The other course I will teaching this fall is the Capstone for the MPA program. This is the students’ culminating exercise for the degree that requires in-depth research, study, analysis, and critical thinking to produce a document that addresses a pressing policy issue. Students choose for themselves what public policy challenge they want to take on. They rely on everything they have studied in the program in order to prepare this final project.

How do you leverage your experience at the crossroads of law and public policy to teach?
I believe that the sweet spot where evidence, experience, and practicality meet with policy goals that can actually be implemented is the most rewarding place to be as a public manager. That is the place I hope the students can focus on and aspire to with the help of having worked with both academics and practitioners in the course of their study. Both topics I will be teaching this fall fit squarely within this central interest of mine.

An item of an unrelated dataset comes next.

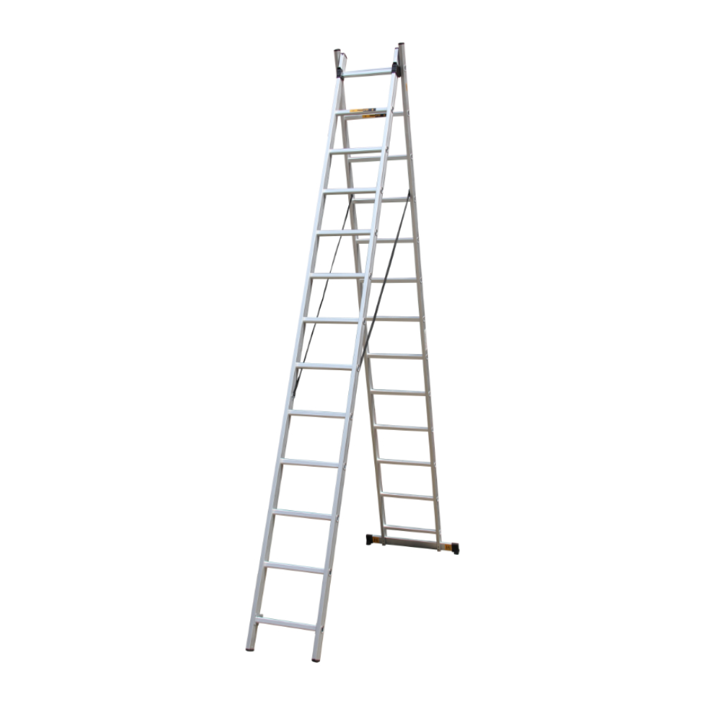 Επαγγελματική σκάλα αλουμινίου επεκτεινόμενη 2 επιπέδων. Απόσταση ανά σκαλοπάτι: 28cm. Μέγιστο βάρος φορτίου: 150Kg

You appeared on Fox News in May to discuss the Trump Administration-Russia investigation and its then, newly-appointed Special Prosecutor. Can you guess how this investigation might unfold?
There are many ways in which the investigation might unfold, and prediction is hardly possible, given the number of players and the nature of the publicly available information.There are many apparent meetings and contacts that have caused concern, and the activities, discussions, and flow of money require extensive investigation.Given the stakes, I hope that those who are in charge of investigating these matters are thorough and scrupulously nonpartisan in their work.